WORK TO BE COMPLETED:
From the top of the records below down to the line containing "Am Nachmittag des", reproduce every line exactly.

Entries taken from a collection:
--------------------

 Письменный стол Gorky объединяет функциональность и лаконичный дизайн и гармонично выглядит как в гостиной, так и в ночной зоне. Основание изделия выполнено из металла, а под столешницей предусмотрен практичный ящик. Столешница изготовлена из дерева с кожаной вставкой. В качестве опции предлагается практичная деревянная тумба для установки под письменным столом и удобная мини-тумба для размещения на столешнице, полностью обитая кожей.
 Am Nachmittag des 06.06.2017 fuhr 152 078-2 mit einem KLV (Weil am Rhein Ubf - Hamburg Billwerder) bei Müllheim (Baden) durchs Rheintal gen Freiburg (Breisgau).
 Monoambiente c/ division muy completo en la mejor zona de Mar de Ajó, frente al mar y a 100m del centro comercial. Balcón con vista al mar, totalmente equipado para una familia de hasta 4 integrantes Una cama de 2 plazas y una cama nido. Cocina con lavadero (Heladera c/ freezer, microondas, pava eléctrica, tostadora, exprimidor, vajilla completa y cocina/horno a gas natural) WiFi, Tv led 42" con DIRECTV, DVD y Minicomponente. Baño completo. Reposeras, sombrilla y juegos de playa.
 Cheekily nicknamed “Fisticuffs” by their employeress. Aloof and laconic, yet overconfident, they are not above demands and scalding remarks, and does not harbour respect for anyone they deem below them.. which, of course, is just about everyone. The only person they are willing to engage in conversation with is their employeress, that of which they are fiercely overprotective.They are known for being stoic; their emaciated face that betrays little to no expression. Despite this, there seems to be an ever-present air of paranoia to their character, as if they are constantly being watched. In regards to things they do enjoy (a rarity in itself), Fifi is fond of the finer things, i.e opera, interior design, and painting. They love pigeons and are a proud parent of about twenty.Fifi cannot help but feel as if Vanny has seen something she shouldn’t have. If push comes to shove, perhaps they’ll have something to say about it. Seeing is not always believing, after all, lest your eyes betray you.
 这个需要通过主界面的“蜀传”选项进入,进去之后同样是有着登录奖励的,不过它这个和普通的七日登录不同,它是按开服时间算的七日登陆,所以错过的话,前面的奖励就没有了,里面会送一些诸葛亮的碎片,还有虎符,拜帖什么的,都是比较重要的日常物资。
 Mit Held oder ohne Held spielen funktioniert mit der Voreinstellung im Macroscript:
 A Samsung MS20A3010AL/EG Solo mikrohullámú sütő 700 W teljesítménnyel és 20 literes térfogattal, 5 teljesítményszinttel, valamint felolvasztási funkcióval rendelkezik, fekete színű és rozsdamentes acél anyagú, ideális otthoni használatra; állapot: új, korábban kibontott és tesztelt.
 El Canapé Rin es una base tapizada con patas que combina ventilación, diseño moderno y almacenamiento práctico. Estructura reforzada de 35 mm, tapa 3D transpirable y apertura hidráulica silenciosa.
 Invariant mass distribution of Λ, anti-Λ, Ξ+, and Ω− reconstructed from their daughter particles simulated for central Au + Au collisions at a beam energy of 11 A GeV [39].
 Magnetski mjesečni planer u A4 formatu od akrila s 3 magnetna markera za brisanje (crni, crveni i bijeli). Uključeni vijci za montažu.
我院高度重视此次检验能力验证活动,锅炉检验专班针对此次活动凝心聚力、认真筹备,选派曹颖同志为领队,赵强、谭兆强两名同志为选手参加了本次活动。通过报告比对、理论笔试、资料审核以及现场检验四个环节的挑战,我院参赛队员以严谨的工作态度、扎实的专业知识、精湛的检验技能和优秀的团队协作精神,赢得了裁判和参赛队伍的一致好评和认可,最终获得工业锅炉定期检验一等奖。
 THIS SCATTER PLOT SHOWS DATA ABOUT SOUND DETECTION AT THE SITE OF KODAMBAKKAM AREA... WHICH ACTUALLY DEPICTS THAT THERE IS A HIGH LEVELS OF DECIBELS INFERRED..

--------------------

RESULT BELOW:
 Письменный стол Gorky объединяет функциональность и лаконичный дизайн и гармонично выглядит как в гостиной, так и в ночной зоне. Основание изделия выполнено из металла, а под столешницей предусмотрен практичный ящик. Столешница изготовлена из дерева с кожаной вставкой. В качестве опции предлагается практичная деревянная тумба для установки под письменным столом и удобная мини-тумба для размещения на столешнице, полностью обитая кожей.
 Am Nachmittag des 06.06.2017 fuhr 152 078-2 mit einem KLV (Weil am Rhein Ubf - Hamburg Billwerder) bei Müllheim (Baden) durchs Rheintal gen Freiburg (Breisgau).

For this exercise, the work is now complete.